This year’s Hall of Fame ballot is full of fascinating questions: Will Tim Raines make it in his final chance? How will Bud Selig’s induction affect suspected PED users, mainly Barry Bonds and Roger Clemens? Do the first-year players like Ivan Rodriguez and Vladimir Guerrero have a chance?
But the most fascinating overall person might actually be Curt Schilling. Early returns indicate he won’t get elected and, in fact, he probably won’t get near the 52.3 percent of the vote he received last year. Some of that is a crowded ballot and a 10-vote limit. Some of that is Schilling continuinsly giving people reasons not to like him.
Schilling is giving us a new, modern lens through which to consider a potential Hall of Famer: What will voters do when a great player turns into a social-media bully after his playing days? And how will Schilling — an outspoken man, even to the detrainment of his baseball broadcasting career — react as the votes slip away?
So far, the answer is: He’ll be the same ol’ Curt Schilling, calling people out by name and pulling no punches. In a great story at ESPN, Jerry Crasnick examines whether Schilling is tweeting his way out of Cooperstown. And Schilling is as unfiltered as always in his response to the matter (more on that in a minute).
In theory, what happens on Schilling’s social media account shouldn’t matter.
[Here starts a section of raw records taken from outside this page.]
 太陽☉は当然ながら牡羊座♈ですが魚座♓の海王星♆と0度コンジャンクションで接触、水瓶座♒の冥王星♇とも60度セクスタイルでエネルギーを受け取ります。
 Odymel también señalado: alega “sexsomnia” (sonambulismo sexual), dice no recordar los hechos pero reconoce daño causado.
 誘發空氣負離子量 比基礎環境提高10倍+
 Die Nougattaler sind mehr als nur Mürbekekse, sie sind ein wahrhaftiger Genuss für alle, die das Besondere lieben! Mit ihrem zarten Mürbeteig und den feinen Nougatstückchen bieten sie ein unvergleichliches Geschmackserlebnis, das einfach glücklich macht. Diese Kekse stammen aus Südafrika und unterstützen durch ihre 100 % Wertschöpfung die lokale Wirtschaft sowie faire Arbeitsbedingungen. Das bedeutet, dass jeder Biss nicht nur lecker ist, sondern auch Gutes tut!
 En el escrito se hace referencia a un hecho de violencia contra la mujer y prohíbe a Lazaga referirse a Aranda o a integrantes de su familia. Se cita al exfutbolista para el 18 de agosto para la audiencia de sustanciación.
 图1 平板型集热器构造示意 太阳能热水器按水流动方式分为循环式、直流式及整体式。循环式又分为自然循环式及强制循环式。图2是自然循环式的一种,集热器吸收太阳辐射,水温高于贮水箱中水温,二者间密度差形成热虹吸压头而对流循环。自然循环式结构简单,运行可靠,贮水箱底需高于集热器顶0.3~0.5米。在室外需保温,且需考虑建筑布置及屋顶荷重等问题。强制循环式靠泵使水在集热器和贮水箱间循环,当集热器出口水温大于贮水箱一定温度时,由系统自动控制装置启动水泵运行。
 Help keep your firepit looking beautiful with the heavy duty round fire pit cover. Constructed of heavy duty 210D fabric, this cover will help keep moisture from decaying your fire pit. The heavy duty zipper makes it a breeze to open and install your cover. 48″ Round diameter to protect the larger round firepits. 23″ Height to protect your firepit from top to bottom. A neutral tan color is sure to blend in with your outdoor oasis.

But baseball’s Hall of Fame vote includes that character clause, which is what makes baseball’s Hall of Fame vote an annual circus. It’s why we have these debates about Bonds and Clemens and why this year, a number of voters — 14, according to Ryan Thibodaux’s fantastic Hall of Fame ballot tracker — have retracted their support of Schilling. He fell well short of the necessary 75 percent last year, so even though 14 votes isn’t a ton, any downward trend is bad.
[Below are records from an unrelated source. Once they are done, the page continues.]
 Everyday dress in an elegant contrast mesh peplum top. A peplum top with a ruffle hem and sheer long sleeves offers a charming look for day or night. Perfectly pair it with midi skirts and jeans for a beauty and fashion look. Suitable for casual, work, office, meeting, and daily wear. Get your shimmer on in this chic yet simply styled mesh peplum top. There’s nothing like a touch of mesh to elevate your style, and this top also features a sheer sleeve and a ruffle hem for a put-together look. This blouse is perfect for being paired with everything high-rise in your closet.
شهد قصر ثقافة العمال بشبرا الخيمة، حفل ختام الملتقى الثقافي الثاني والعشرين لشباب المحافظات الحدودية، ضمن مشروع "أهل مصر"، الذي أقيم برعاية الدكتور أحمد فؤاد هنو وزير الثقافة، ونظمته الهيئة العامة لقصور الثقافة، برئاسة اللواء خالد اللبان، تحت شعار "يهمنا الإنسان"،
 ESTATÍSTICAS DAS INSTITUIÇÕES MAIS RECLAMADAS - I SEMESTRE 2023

Some of the voters who have checked Schilling’s name in the past but didn’t this year cite his November tweet where he endorsed a T-shirt about lynching journalists. Schilling maintains it was a joke. If so, not the wisest joke to appeal to Hall of Fame voters, who are all journalists.
Schilling took aim at some Hall of Fame voters in ESPN’s story, especially the Boston Globe’s Dan Shaughnessy and Wallace Matthews of NY Sports Day, both of whom have withdrawn their support of Schilling’s candidacy. Matthews said he would stop voting altogether.
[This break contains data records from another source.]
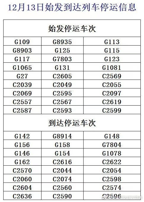 據(jù)北京西站官方微博今天中午最新消息,受降雪影響,12月13日,北京西站G57、G807、G97次列車臨時(shí)停運(yùn),北京豐臺(tái)站G63、G629次列車臨時(shí)停運(yùn)。今天早上,北京西站、北京豐臺(tái)站已發(fā)布部分停運(yùn)列車信息。已購(gòu)買停運(yùn)列車車票的旅客,可于30日內(nèi)辦理全額退票手續(xù)。請(qǐng)廣大旅客合理安排出行,關(guān)注車站公告或12306網(wǎng)站信息。
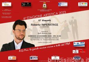 Prosegue domenica 10 dicembre, alle 18.30, presso l’Auditorium della Scuola Musicale Comunale di Francavilla Fontana, la Stagione Artistica “I concerti dell’Auditorium”, organizzata dall’Associazione A.Gi.Mus. di Francavilla Fontana e dall’Associazione Auditorium di Castellana Grotte, sotto la direzione artistica dei maestri Pierluigi Camicia e Antonio Curto. A salire sul palco Roberto Imperatrice, pianista d’eccellenza, che proporrà un repertorio basato su musiche di Bach, Brahms, Liszt.
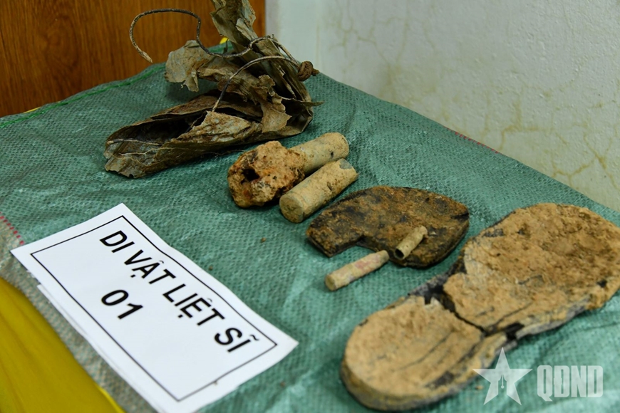 Hài cốt liệt sĩ được phát hiện ở độ sâu khoảng 1m, các xương đã vỡ vụn thành nhiều mảnh nhỏ. Di vật kèm theo gồm: 1 đuôi đạn cối 81mm; 1 vỏ đạn 12,7mm; dép cao su cùng tăng, võng bộ đội.
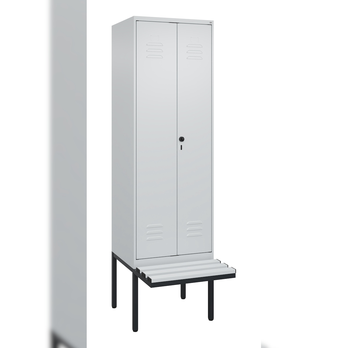 C+P Z-Spind Classic PLUS, schwebender Sitzbank aus Buche 2 Abteile, HxBxT 212x40x82cm, Sicherheitsdrehriegel, Verkehrsweiß von PROREGAL

“The Hall of Fame vote, to people like Dan and Wallace Matthews and Jon Heyman, is power to them,” Schilling told ESPN.com. “That’s how it works when you give weak people power. They want to ‘hold it over me’ or something like that? Please. An arbitrary process done by some of the most vindictive and spiteful humans I’ve ever known? One I stopped having control over nine years ago?
“I sleep fine. My three World Series rings, trophies and 20-some years of amazing memories are all mine, and always will be.”
What makes this even more interesting: Schilling is going in a much different direction than Bonds and Clemens, who have gained nine and 10 votes, respectively, in the public ballots thus far. None of them will probably get elected this year, but Clemens and Bonds at least seem to be going in the right direction. In fact, our own Jeff Passan estimates they’ll get in eventually.
But Schilling sees a distinct difference between himself and Bonds and Clemens. He told ESPN they ruined peoples’ lives and he hasn’t.
“I hate bullies, and I hate people who make other people feel bad on purpose. Clemens? Bonds? They ruined people’s lives to keep their legacies, which they eventually lost. I’ve never in my life done, nor will do, anything remotely close to something like that.
“I know who I am, and this has been an amazing teaching opportunity for my children, and especially my three sons. They know me, so when they read about ‘racism’ and the other bulls— people spew, it affords us a ton of opportunity to talk about how the real world works.”
When Schilling, a very proud Donald Trump supporter, was on our podcast earlier this year, we asked him if he had to choose only one thing — getting in the Hall of Fame or Trump winning the presidency — which it would be.
He picked a Trump win. And good thing, because it doesn’t look like the Hall of Fame part will come true this year — and maybe not while Trump is in office.